A BJP lawmaker brought the question of unregulated online gaming to the Zero Hour session in the Senate. Concrete legislation is needed to rein in the gaming boom in India – control and tax legitimate businesses (and use the money for good causes), keep away black-market operators, and protect the youth, he argued.


A Structured Approach Is Needed in the Long Run

Sushil Kumar Modi, a veteran BJP MP in the Rajya Sabha, spoke recently on the impending need to pass a uniform code on online games. Modi insists that the current situation does not allow Government to monitor and tax a booming yet highly sensitive industry.

Digital and mobile services are expanding their influence on all citizens and the economy. Young people, in particular, have a notoriously hard time getting away from their mobile phones, with many unable to distinguish between games of skill and games of chance. Users of all age groups might find it hard to control their spending on online entertainment, especially without limits and regulations imposed from authorities.

Legitimate tech businesses would also benefit from regulatory protection – from the legal online lottery in India to casual and skill games, all under threat by illegal offshore competition. Now that people play more than ever before, Modi argued that the market cannot be left without a structured framework and legal guidance from the Centre.


Noting a likeness to the unchecked growth of the crypto industry, a number of other politicians have spoken in similar terms as of late. Rajya Sabha Chairman MV Naidu urged the Communications and IT Minister to work together with the Law Ministry in finding a solution.

How Can Regulation Bring Benefits?

The comprehensive framework that the Senator invoked aims, ultimately, to set a uniform tax on all online gaming companies. However, important distinctions must be made between game types, setting requirements and limits so as to protect vulnerable consumers and groups at risk (e.g. children). Said requirements must be clear and transparent and lead to more transparency in the gaming industry.

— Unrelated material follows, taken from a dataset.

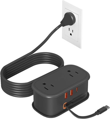 Toprek รางปลั๊กไฟสำหรับเดินทางรางปลั๊กไฟแบบแบนพร้อมสาย USB C แบบยืดหดได้อุปกรณ์สำหรับการล่องเรือ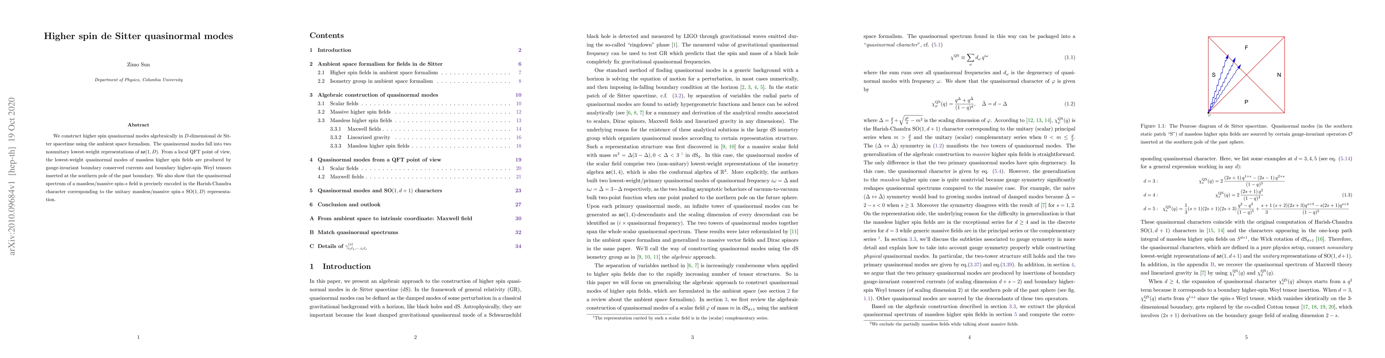This paper constructs higher spin quasinormal modes in $D$-dimensional de Sitter spacetime using the ambient space formalism, revealing two nonunitary lowest-weight representations of $\mathfrak{so}(1, D)$. It also demonstrates that the quasinormal spectrum of massless/massive spin-$s$ fields corresponds to the Harish-Chandra character of the respective $\text{SO}(1, D)$ representation.

One of the success stories of legalizing gaming is represented by the Government-run lotteries in about half of all States. While they are a huge success now, it took some time for local customs to stop feeding the illegal satta matka market. In the end, players got used to the regulated market, choosing legal lotteries consistently over foreign and black-market alternatives.

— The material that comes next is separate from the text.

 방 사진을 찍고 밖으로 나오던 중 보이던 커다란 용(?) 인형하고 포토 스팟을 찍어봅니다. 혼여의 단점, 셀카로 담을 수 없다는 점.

Now, there are over 430 million online gamers in India, expected to pass 650 by 2025. Given the size and potential of the market, the sheer magnitude of taxation revenue is likely to influence positively a number of government programs. Lottery levies are used to fund welfare programs and public awareness campaigns. Some authorities finance education and healthcare projects while, for smaller States, the lottery segment is a true cornerstone of local employment.

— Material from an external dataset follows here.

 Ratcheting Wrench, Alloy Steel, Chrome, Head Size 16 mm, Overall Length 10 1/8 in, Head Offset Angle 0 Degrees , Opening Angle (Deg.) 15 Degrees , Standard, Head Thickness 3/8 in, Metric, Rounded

While in-app purchases are still more relevant than advertising revenues for most gaming companies, both regulators and families need to have more clarity on chance-game elements. Just like kids fall for the so-called “loot boxes” and “skin betting” for their casual video games, countless adults use their mobiles to play games for real money. The magnitude of the phenomenon requires an intervention, sooner rather than later.